The real numbers $c,b,a$ form an arithmetic sequence with $a\ge b\ge c\ge 0$ The quadratic $ax^2+bx+c$ has exactly one root. What is this root?

$\textbf{(A)}\ -7-4\sqrt{3}\qquad\textbf{(B)}\ -2-\sqrt{3}\qquad\textbf{(C)}\ -1\qquad\textbf{(D)}\ -2+\sqrt{3}\qquad\textbf{(E)}\ -7+4\sqrt{3}$


Solution

Solution 1

It is given that $ax^2+bx+c=0$ has 1 real root, so the discriminant is zero, or $b^2=4ac$. Because a, b, c are in arithmetic progression, $b-a=c-b$, or $b=\frac {a+c} {2}$. We need to find the unique root, or $-\frac {b} {2a}$ (discriminant is 0). From $b^2=4ac$, we have $-\frac {b} {2a} =-\frac {2c} {b}$. Ignoring the negatives, we have $\frac {2c} {b} = \frac {2c} {\frac {a+c} {2}} = \frac {4c} {a+c} = \frac {1} {\frac {1} {\frac {4c} {a+c}}} = \frac {1} {\frac {a+c} {4c}} = \frac {1} {\frac {a} {4c} + \frac {1} {4} }$. Fortunately, finding $\frac {a} {c}$ is not very hard. Plug in $b=\frac {a+c} {2}$ to $b^2=4ac$, we have $a^2+2ac+c^2=16ac$, or $a^2-14ac+c^2=0$, and dividing by $c^2$ gives $(\frac {a} {c} ) ^2-14( \frac {a} {c} ) +1 = 0$, so $\frac {a} {c} = \frac {14 \pm \sqrt {192} } {2} = 7 \pm 4 \sqrt {3}$. But $7-4\sqrt {3} <1$, violating the assumption that $a \ge c$. Therefore, $\frac {a} {c} = 7 +4\sqrt {3}$. Plugging this in, we have $\frac {1} {\frac {a} {4c} + \frac {1} {4} } = \frac {1} {2+ \sqrt {3} } = 2- \sqrt {3}$. But we need the negative of this, so the answer is $\boxed {D}$.


Solution 2

Note that we can divide the polynomial by $a$ to make the leading coefficient 1 since dividing does not change the roots or the fact that the coefficients are in an arithmetic sequence. Also, we know that there is exactly one root so this equation is must be of the form $(x-r)^2 = x^2 - 2rx + r^2$ where $1 \ge -2r \ge r^2 \ge 0$. We now use the fact that the coefficients are in an arithmetic sequence. Note that in any arithmetic sequence, the average is equal to the median.
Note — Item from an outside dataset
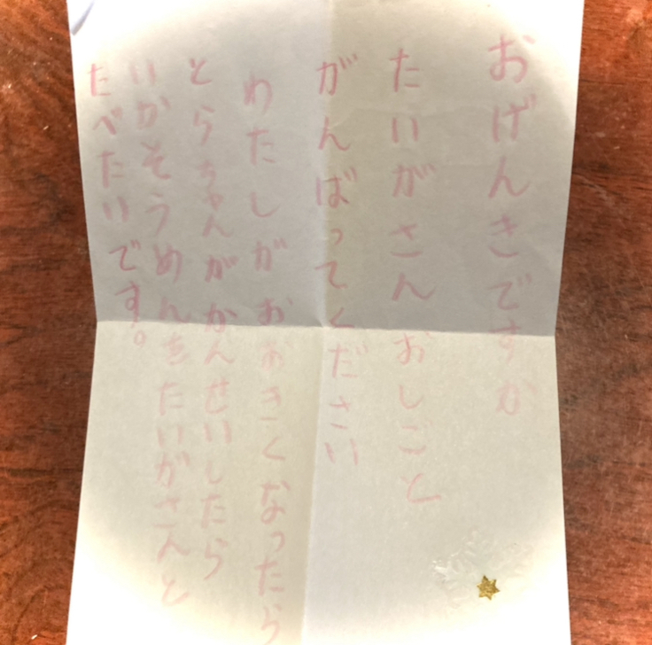 5歳児から手紙を受け取りました(お父様代筆)。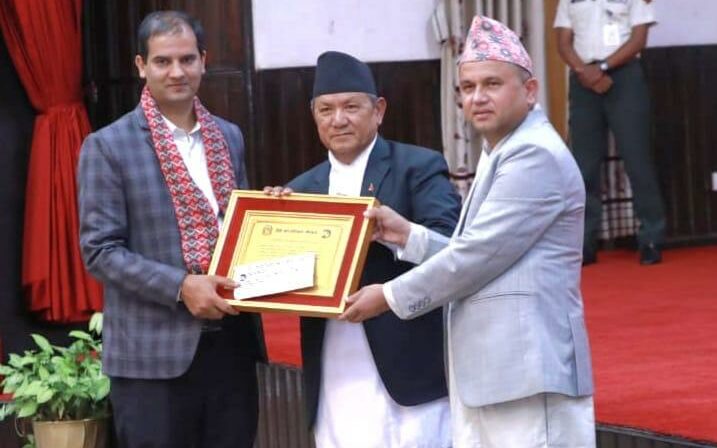 At the anniversary event held at the President’s Office on Sunday, in the presence of President Ram Chandra Paudel, Minister for Communications and Information Technology Prithvi Subba Gurung and Press Council Nepal Chairman Bal Krishna Basnet presented Paudel with a cash prize and a certificate. Paudel also serves as the General Secretary of the Nepal Press Union and is currently the head of the economic bureau at Nagarik Daily.

Thus, $r^2 + 1 = -4r$ and $r = -2 \pm \sqrt{3}$. Since $1 > r^2$, we easily see that $|r|$ has to be between 1 and 0. Thus, we can eliminate $-2 - \sqrt{3}$ and are left with $\boxed{\textbf{(D)} -2 + \sqrt{3}}$ as the answer.


Solution 3

Given that $ax^2+bx+c=0$ has only 1 real root, we know that the discriminant must equal 0, or that $b^2=4ac$. Because the discriminant equals 0, we have that the root of the quadratic is $r=\frac {-b} {2a}$. We are also given that the coefficients of the quadratic are in arithmetic progression, where $a \ge b \ge c \ge 0$. Letting the arbitrary difference equal variable $d$, we have that $a=b+d$ and that $c=b-d$. Plugging those two equations into $b^2=4ac$, we have $b^2=4(b^2-d^2)=4b^2-4d^2$ which yields $3b^2=4d^2$. Isolating $d$, we have $d=\frac {b \sqrt{3}} {2}$. Substituting that in for $d$ in $a=b+d$, we get $a=b+\frac {b \sqrt{3}} {2}=b(1+\frac {\sqrt{3}} {2})$. Once again, substituting that in for $a$ in $r=\frac {-b} {2a}$, we have $r=\frac {-b} {2b(1+\frac {\sqrt{3}} {2})}=\frac {-1} {2+\sqrt {3}}=-2+\sqrt {3}$. The answer is $\boxed {D}$.


Solution 4

Let the double root be $r$. Then by the arithmetic progression and Vieta's,

\begin{aligned}a-b & =b-c\\
1-\frac{b}a & =\frac{b}a-\frac{c}a\\
1+2r & =-2r-r^2\\
r^2+4r+1 & =0\\
r & =-2\pm\sqrt{3}\end{aligned} (Error compiling LaTeX. Unknown error_msg)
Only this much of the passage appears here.